Al mismo tiempo que los recursos naturales decrecen la civilización humana aumenta… aumenta no sólo por el crecimiento exponencial de los individuos, sino también porque todas las culturas se han ido subiendo al carro desbocado del Desarrollo.
En las últimas décadas estamos viviendo guerras globales por los Recursos Naturales a las que se les llama “Misiones” por la Democracia, la Paz y los Derechos Humanos (la de Afganistán fue la que se inició de forma más clara y evidente por causa de los recursos naturales… pero todavía se sigue apuntando exclusivamente a los talibanes y la falta de democracia).

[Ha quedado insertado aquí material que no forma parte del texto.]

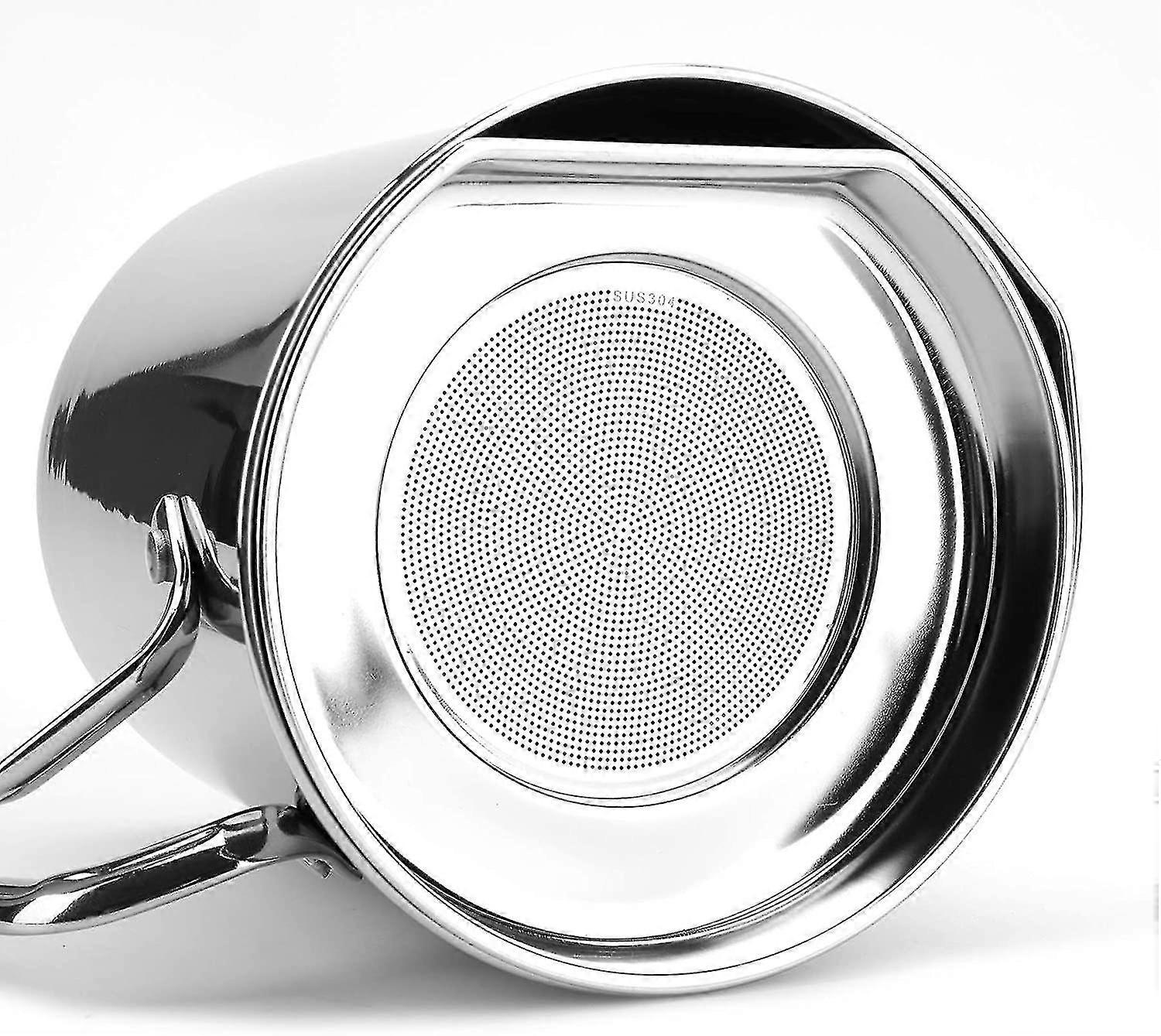 2 L Grease Container With Strainer, Stainless Steel Oil Strainer Pot Grease Can With Dust-proof Lid

Para acabar, el efecto invernadero provocado por nuestro uso y abuso de combustibles fósiles, que está generando el cambio climático, ha extremado las condiciones atmosféricas, causando diversos problemas, de mayor o menor magnitud, que también afectan a la economía y a nuestro bienestar. En los últimos años también ha aumentado la actividad sísmica, aunque, dadas sus características no podemos saber si entra dentro de la “normalidad” o si ha sido también inducida por la actividad humana.

En resumen: la crisis económica no es más que un reflejo de la crisis ecológica, provocada por nuestro modelo de sociedad: la sociedad basada en el desarrollo sin límites. Urge cambiar de modelo -de estrategia de supervivencia- por peligro de colapso inminente.

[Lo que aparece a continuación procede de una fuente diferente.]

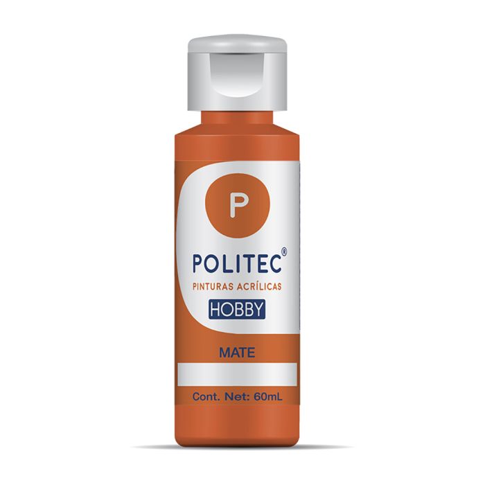 Caja con 12 Botellas con tapa dosificadora de Pintura Acrílica Politec Naranja No.1208 de 120 ml c/u.

Pero, de momento, todos los países siguen el mismo modelo. Mientras se sigan destruyendo ecosistemas en pro de la civilización, se seguirán produciendo pérdidas millonarias que no harán sino aumentar la crisis y, entre tanto, tenemos que oír, cada día en las noticias, decir a los políticos que la solución a la crisis es: ¡Más Desarrollo!

¡Dónde vamos a ir a parar!

*Hay experimentos que demuestran que algo oído o visto insistentemente, queda gravado en nuestra mente y acabamos “incorporándolo” como algo propio y natural, repitiéndolo de forma automática. Esto lo saben muy bien los departamentos de marketing y publicidad de las grandes empresas.

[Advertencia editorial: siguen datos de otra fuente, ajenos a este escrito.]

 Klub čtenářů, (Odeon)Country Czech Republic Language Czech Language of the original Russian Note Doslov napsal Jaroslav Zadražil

Un experimento infalible a realizar por los que no suelen escuchar la radio: tratar de escucharla unos días y fijaros en una de esas horribles canciones que suelen salir los veranos –funciona si no os gusta al oírla, en caso contrario no se puede realizar el experimento-, ahora poneros cada día la misma emisora dónde la habéis oído ya que con toda seguridad la pondrán en antena varias veces al día. Al final del verano… ¡tarareareis la canción que tan horrible os pareció al principio y hasta os encantará! ¡Comprobadlo!